▶ _WHAT YOU WILL DO_: Of the entries below, return exactly those lines that fall between the one containing "张瀛岑董事长荣膺河南省劳动模范称号" and the one containing "Głośnik bezprzewodowy 12W, BT", the two end lines included.

▶ _DATASET ENTRIES_:
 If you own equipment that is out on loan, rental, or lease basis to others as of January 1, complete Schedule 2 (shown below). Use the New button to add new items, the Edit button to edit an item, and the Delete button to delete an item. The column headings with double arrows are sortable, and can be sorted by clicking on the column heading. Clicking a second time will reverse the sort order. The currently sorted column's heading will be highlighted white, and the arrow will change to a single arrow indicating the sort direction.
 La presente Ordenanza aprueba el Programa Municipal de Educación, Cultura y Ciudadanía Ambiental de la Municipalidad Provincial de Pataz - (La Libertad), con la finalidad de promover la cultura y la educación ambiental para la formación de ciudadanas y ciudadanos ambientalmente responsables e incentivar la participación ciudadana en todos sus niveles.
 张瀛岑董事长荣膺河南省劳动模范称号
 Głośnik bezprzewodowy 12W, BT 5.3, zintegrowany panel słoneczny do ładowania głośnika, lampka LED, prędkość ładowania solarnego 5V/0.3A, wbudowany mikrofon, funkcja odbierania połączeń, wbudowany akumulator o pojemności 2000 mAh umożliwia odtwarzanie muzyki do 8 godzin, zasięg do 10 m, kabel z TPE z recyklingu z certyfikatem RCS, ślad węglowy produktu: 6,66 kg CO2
--
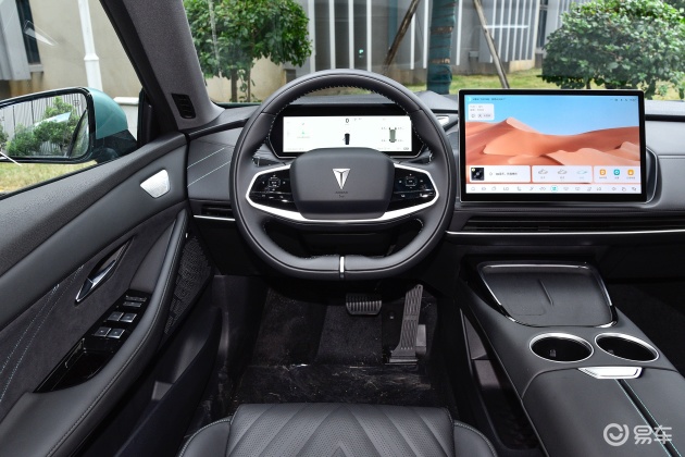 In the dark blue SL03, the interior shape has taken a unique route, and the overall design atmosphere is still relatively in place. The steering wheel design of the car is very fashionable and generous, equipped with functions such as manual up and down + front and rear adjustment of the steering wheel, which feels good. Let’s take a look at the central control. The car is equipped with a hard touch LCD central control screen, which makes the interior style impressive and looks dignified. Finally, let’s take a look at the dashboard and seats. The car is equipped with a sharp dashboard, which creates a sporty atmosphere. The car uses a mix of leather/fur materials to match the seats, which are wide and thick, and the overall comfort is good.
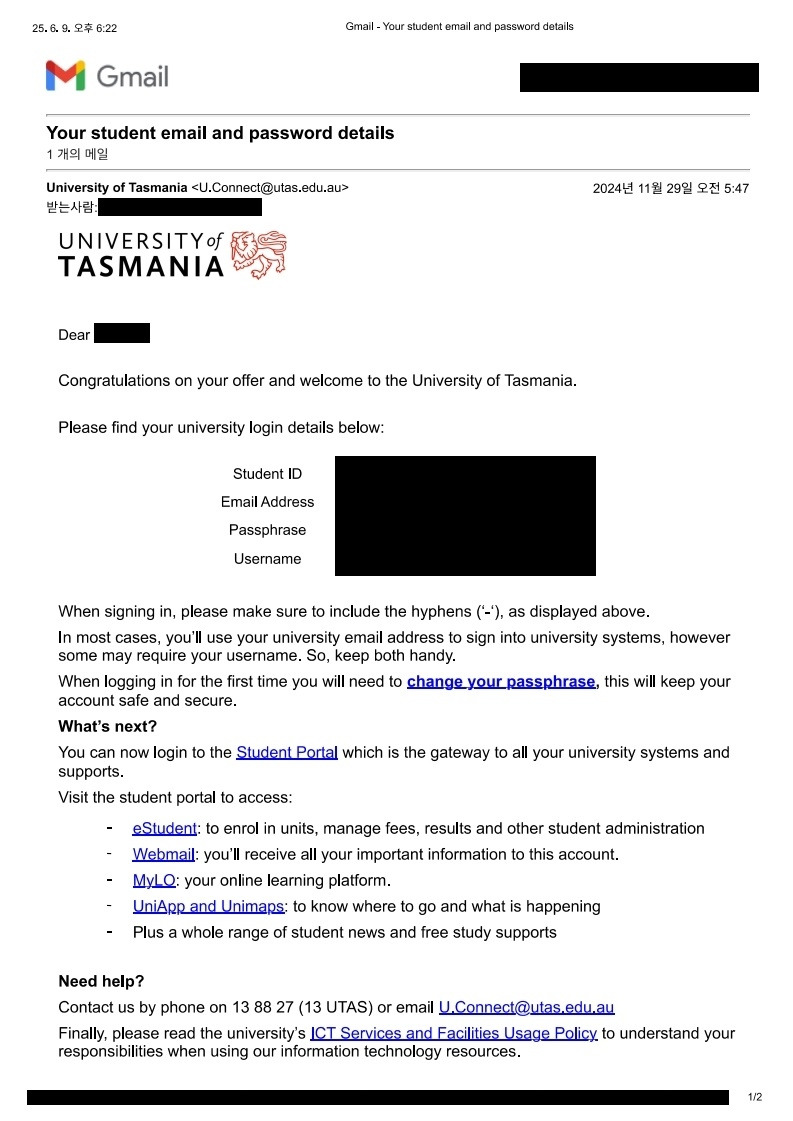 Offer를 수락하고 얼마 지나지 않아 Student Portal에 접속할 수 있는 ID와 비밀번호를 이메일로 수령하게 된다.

▶ _TASK RESULT_:
 张瀛岑董事长荣膺河南省劳动模范称号
 Głośnik bezprzewodowy 12W, BT 5.3, zintegrowany panel słoneczny do ładowania głośnika, lampka LED, prędkość ładowania solarnego 5V/0.3A, wbudowany mikrofon, funkcja odbierania połączeń, wbudowany akumulator o pojemności 2000 mAh umożliwia odtwarzanie muzyki do 8 godzin, zasięg do 10 m, kabel z TPE z recyklingu z certyfikatem RCS, ślad węglowy produktu: 6,66 kg CO2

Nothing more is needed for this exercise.